Biological oxidation is the combination of oxidation-reduction transformations of substances in
living organisms. Oxidation-reduction reactions are those which take place with a change in
the oxidation state of atoms through the redistribution of electrons between them.
or
Biological oxidation is catalysed by enzymes which function in combination with coenzymes
and/or electron carrier proteins.
The differences between biological oxidation and combustion
Free energy
A process will only happen spontaneously, without added energy, if it increases the entropy of
the universe as a whole (or, in the limit of a reversible process, leaves it unchanged) – this is
the Second Law of Thermodynamics. But to me at least, that's kind of an abstract idea. How can
we make this idea more concrete and use it to figure out if a chemical reaction will take place?
Basically, we need some kind of metric that captures the effect of a reaction on the entropy of the
universe, including both the reaction system and its surroundings. Conveniently, both of these
factors are rolled into one convenient value called the Gibbs free energy.

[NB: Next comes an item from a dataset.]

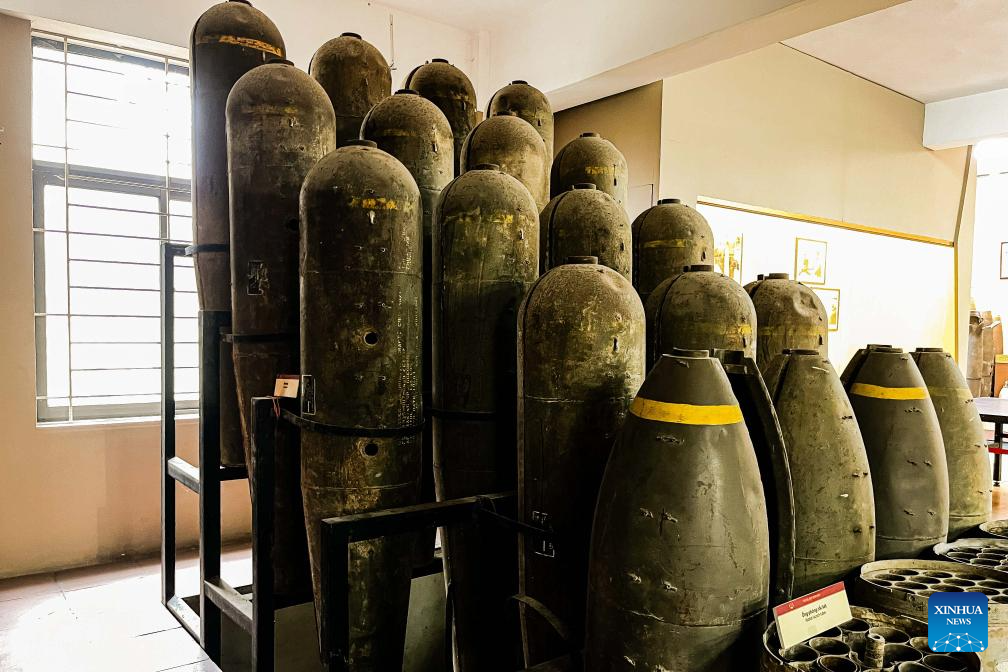 This photo taken on July 14, 2023 shows cluster bomblets left by the U.S. military during the Vietnam war at a museum in Hanoi, Vietnam.(Photo by Pham Dinh Duc/Xinhua)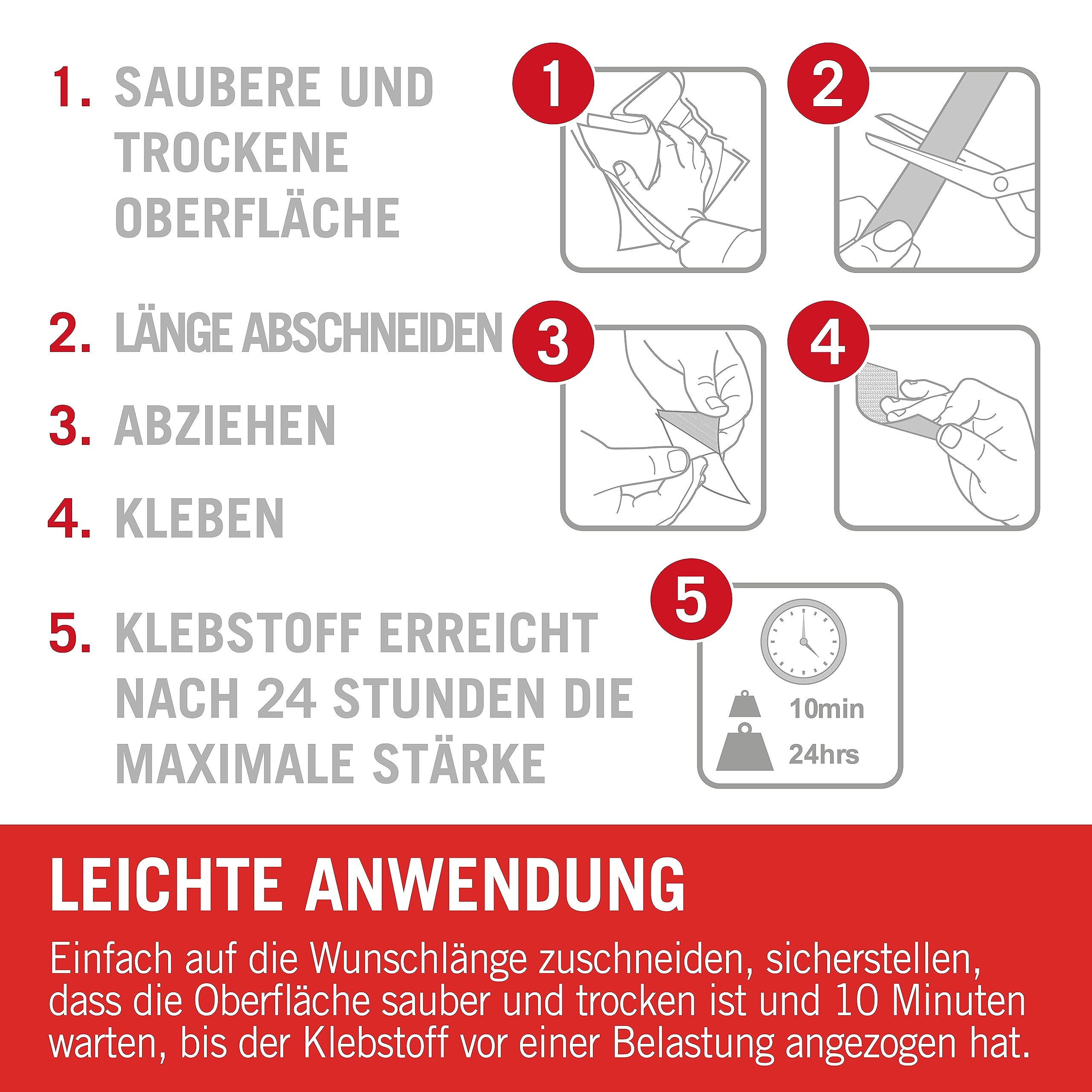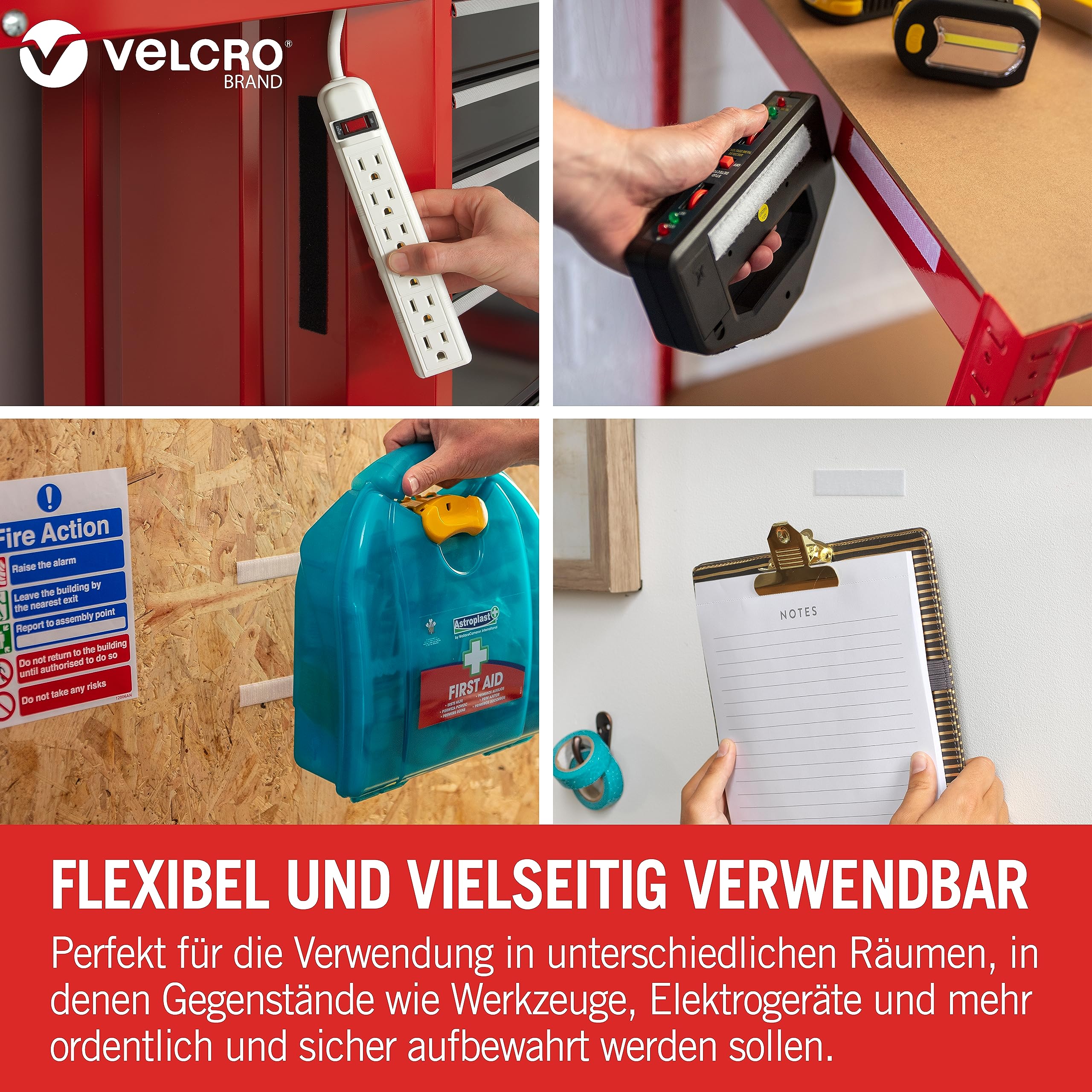 Das VELCRO Brand Klettband ist eine einfache Alternative zu Nägeln, Schrauben und unsauberen Klebern und ermöglicht eine schnelle Befestigungslösung. Zum Aufbewahren und Sichern von Gegenständen wie kleinen Werkzeugen, Hinweistafeln, Schildern, Elektrogeräten und vielem mehr. Das Produkt hält bis zu 300 g pro 20 mm x 20 mm Klettband. VELCRO Klettbänder mit Allzweckkleber werden für glatte Oberflächen und für den Innen- und Aussenbereich empfohlen. Anwendungsinstruktionen: 1. Oberfläche vor dem Auftragen reinigen und trocknen 2. Klebestreifen vom Klettband abziehen und fest auf die Oberfläche drücken 3. Lassen Sie den Klebstoff mindestens 10 Minuten lang aushärten, bevor Sie den Klettverschluss anbringen, um einen Gegenstand zu befestigen. Klebstoff erreicht maximale Festigkeit nach 24 Stunden Hinweis: Nicht empfohlen für Stoffe, Armaturenbretter, flexibles Vinyl oder Unterwasseranwendungen. Dauerhafte Sonneneinstrahlung kann das Klettband beschädigen.

The Gibbs free energy (G) of a system is a measure of the amount of usable energy (energy that
can do work) in that system. The change in Gibbs free energy during a reaction provides useful
information about the reaction's energetics and spontaneity (whether it can happen without added
energy). We can write out a simple definition of the change in Gibbs free energy as:
ΔG=Gfinal–Ginitial
In other words, ΔG is the change in free energy of a system as it goes from some initial state,
such as all reactants, to some other, final state, such as all products. This value tells us the
maximum usable energy released (or absorbed) in going from the initial to the final state. In
addition, its sign (positive or negative) tells us whether a reaction will occur spontaneously, that
is, without added energy.
When we work with Gibbs free energy, we have to make some assumptions, such as constant
temperature and pressure; however, these conditions hold roughly true for cells and other living
systems.
Gibbs free energy, enthalpy, and entropy
In a practical and frequently used form of Gibbs free energy change equation, ΔG is calculated
from a set values that can be measured by scientists: the enthalpy and entropy changes of a
reaction, together with the temperature at which the reaction takes place.
ΔG=ΔH−TΔS
Let‟s take a step back and look at each component of this equation.

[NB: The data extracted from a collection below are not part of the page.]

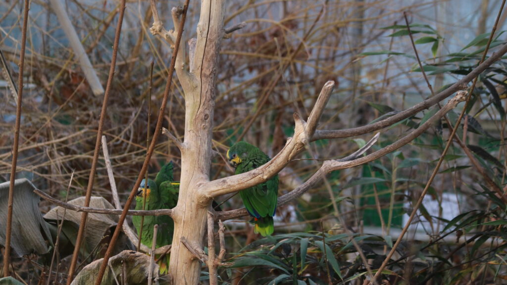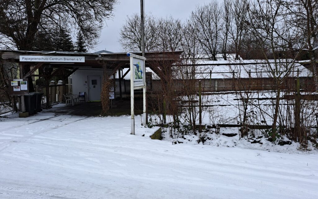 Ein in den letzten Jahren selten gewordener Anblick: Die schneebedeckten Dächer der Flughallen. Wegen der frostigen Temperaturen bleiben die Papageien zumeist in den beheizten Schutzhäusern. Allerdings gibt es einige Papageien, insbesondere Amazona-Papageien, die hin und wieder einen Ausflug in den nicht beheizten Bereich ihrer Flughalle machen und auf den kahlen Bäumen eine Abkühlung suchen, wie z. B. die beiden Venezuela-Amazonen ‘Robby’ und ‘Nala’.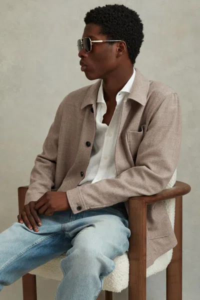 REISS Mocha Cart Wool Blend Button-through Overshirt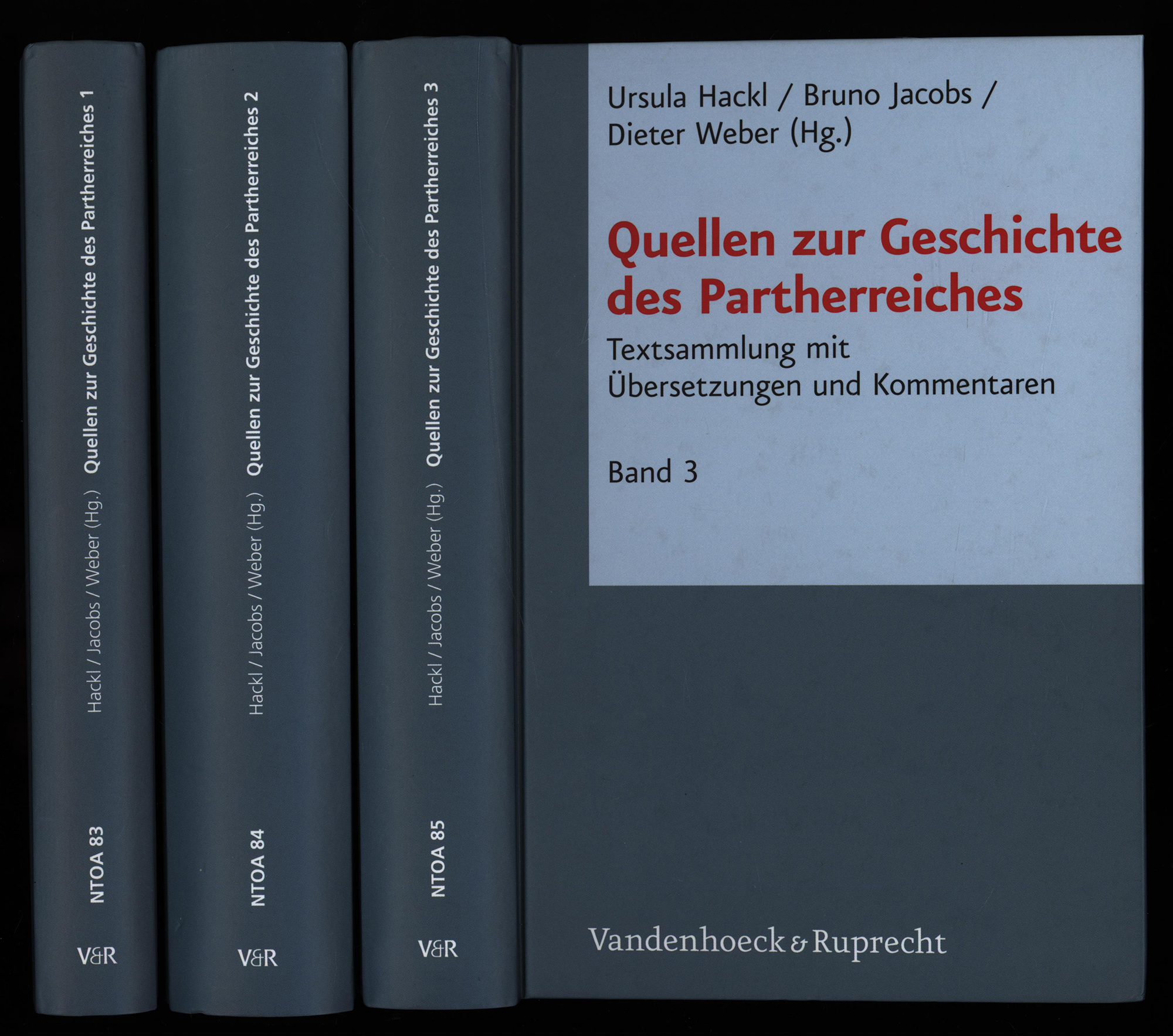Hackl, Ursula; Jacobs, Bruno; Weber, Dieter [Hrsg.]: Quellen zur Geschichte des Partherreiches. Textsammlung mit Übersetzungen und Kommentaren. Band 1: Prolegomena, Abkürzungen, Bibliographie, Einleitung, Indices, Karten, Tafeln. Beiträge von Ursula Hackl, Bruno Jacobs, Dieter Weber. Band 2: Griechische und lateinische Texte, Parthische Texte, Numismatische Evidenz. Beiträge von Daniel Keller, Lukas Thommen, Dieter Weber. Band 3: Keilschriftliche Texte, Aramäische Texte, Armenische Texte, Arabische Texte, Chinesische Texte. Beiträge von Barbara Böck, Uta Golze, Gudrun Schubert, Kerstin Storm, Guisto Traina, Markus Zehnder. 3 Bände (komplett). Göttingen, Vandenhoeck & Ruprecht, 2010. Groß-8°. 24 x 16 cm. CXLIII, 240 Seiten, [8] Blatt, X, 639 Seiten, VIII, 512 Seiten. Gebundene Original-Pappbände. (= Novum testamentum et orbis antiquus. Studien zur Umwelt des Neuen Testaments, Band 83-85).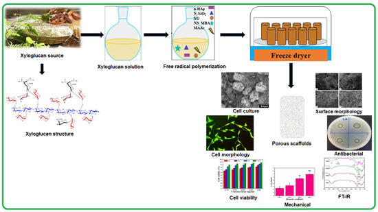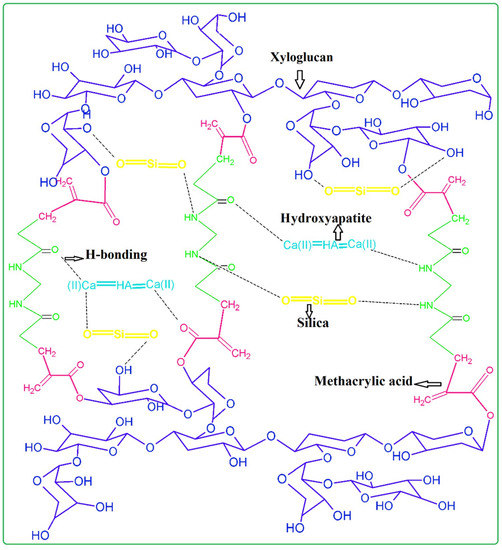 Xyloglucan (XG) is also a well-known biological macromolecule with wide biomedical applications. It is famous for pharmaceutical applications due to controlled swelling ability, biocompatibility and biodegradable properties with water-soluble and non-toxic and nonirritant polysaccharide. XG consists of polysaccharide 1,4-β-D-glucan backbone with partial substitutions of the 1,6-β-D-xylopyranosyl side chain and additionally substituted with 1,2-β-D-galactopyranosyl residue [9,10]. The commercial tamarind kernel powder is a significant source of XG raw material. XG has bared many applications; it has been used as a common excipient in cosmetics, food additive and acts as stabilizer and thickener agents [11,12]. A suitable polymeric composite was prepared via blending with cations Ca2+ and these cations interacted with a negatively charged hydroxyl group (OH−) of polysaccharide chain due to the electrostatic force of interaction, which resulted in the formation of the 3D network. Polysaccharide-based scaffolds have a limitation because of poor/inadequate mechanical properties. Ceramic-based materials (hydroxyapatite (HAp)) have substantial mechanical and biocompatibility for hard tissue engineering [13]. In the present study, silica has been selected as an essential material, well known for its lightweight and excellent mechanical properties. Biomaterials based on nanocomposites gained the attention of scientists because of their porous, wide surface area and biocompatibility, compared to other ceramic materials [14,15]. Silicon dioxide or silica (SiO2) demonstrates numerous applications in drug delivery and tissue engineering as an ultimate biomaterial. SiO2 nanoparticles have a wide surface area, resembling the biopolymer matrix of bio-composite materials. Bioglass with silica nanoparticles not only provides mineralizing, porous and lightweight capabilities for polymeric scaffolds but also increases its strength as a polymer composite scaffold, having desirable biomaterial properties [16,17].

∆H is the enthalpy change. Enthalpy in biology refers to energy stored in bonds, and the change
in enthalpy is the difference in bond energies between the products and the reactants. A negative
∆H means heat is released in going from reactants to products, while a positive ∆H means heat is
absorbed. (This interpretation of ∆H assumes constant pressure, which is a reasonable
assumption inside a living cell).
∆S is the entropy change of the system during the reaction. If ∆S is positive, the system becomes
more disordered during the reaction (for instance, when one large molecule splits into several
smaller ones). If ∆S is negative, it means the system becomes more ordered.

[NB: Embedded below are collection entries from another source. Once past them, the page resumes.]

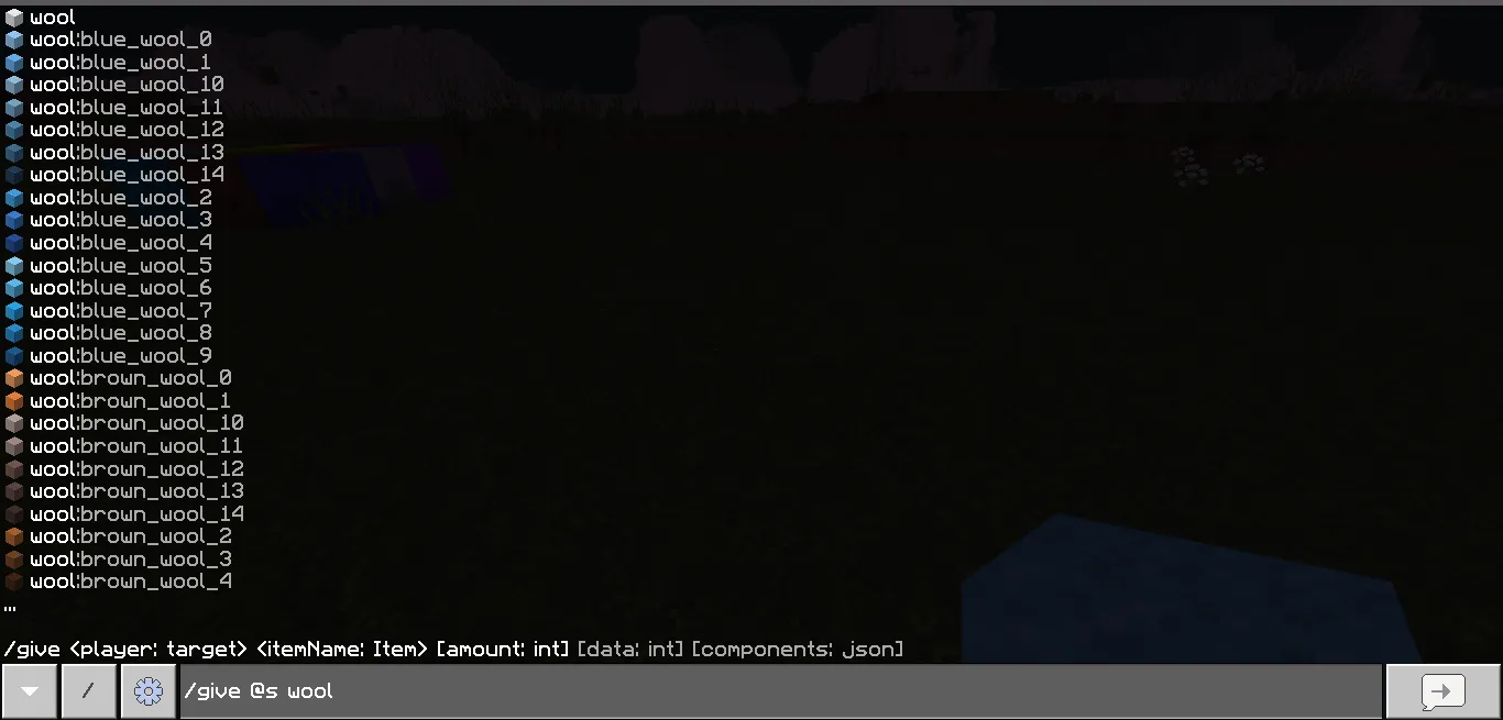 - Команда '/give @s wool: (идентификатор)' - позволяет получить блок определенного цвета и его оттенка;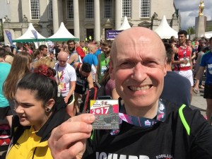 The end of the Leeds Half is deceptive to the uninitiated, you see the start gantry ahead and if you don’t know, you might assume its also the finish. What you then realise is that it isn’t and you have to turn left into a 200m finishing straight to a finish line that seems an infinite distance away. I looked at my watch when I turned into the finish and I saw I had a minute left to achieve my sub 1:55. Of course I knew I could do this but this didn’t stop that inner tension so I focussed and “sped” down to the finish line. Final time 1:54:24.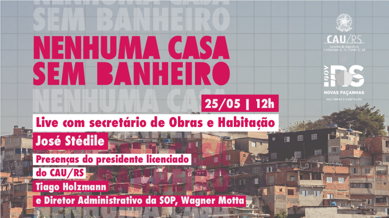 O projeto especial Nenhuma Casa sem Banheiro é uma iniciativa do Conselho de Arquitetura e Urbanismo (CAU/RS), cuja implementação no Rio Grande do Sul conta com apoio da Secretaria de Obras e Habitação (SOP). Na próxima terça-feira, dia 25, às 12h, a SOP realiza uma live em que abordará os detalhes finais para dar início ao projeto na Região Metropolitana de Porto Alegre.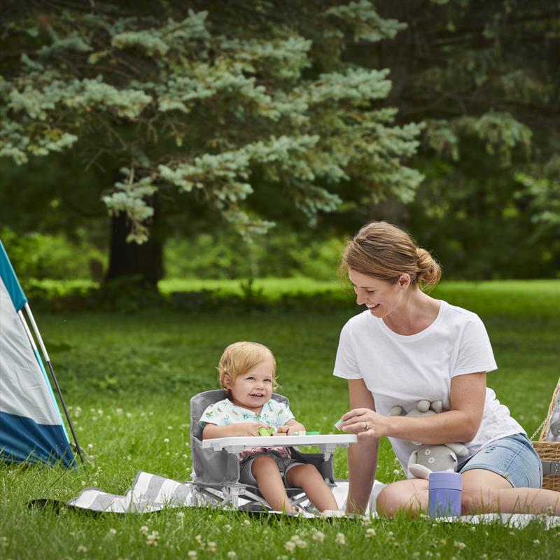 The Regalo My Chair Portable Booster Seat with Tray is a convenient booster seat for your little one transitioning to "big kid" status. It folds like a bag chair and comes with an attachable tray for easy meals on the go. The perfect choice when dining, traveling, or visiting friends and family.

Temperature (T) determines the relative impacts of the ∆S and ∆H terms on the overall free
energy change of the reaction. (The higher the temperature, the greater the impact of the ∆S term
relative to the ∆H term.) Note that temperature needs to be in Kelvin (K) here for the equation to
work properly.
Reactions with a negative ∆G release energy, which means that they can proceed without an
energy input (are spontaneous). In contrast, reactions with a positive ∆G need an input of energy
in order to take place (are non-spontaneous). As you can see from the equation above, both the
enthalpy change and the entropy change contribute to the overall sign and value of ∆G. When a
reaction releases heat (negative ∆H) or increases the entropy of the system, these factors make
∆G more negative. On the other hand, when a reaction absorbs heat or decreases the entropy of
the system, these factors make ∆G more positive.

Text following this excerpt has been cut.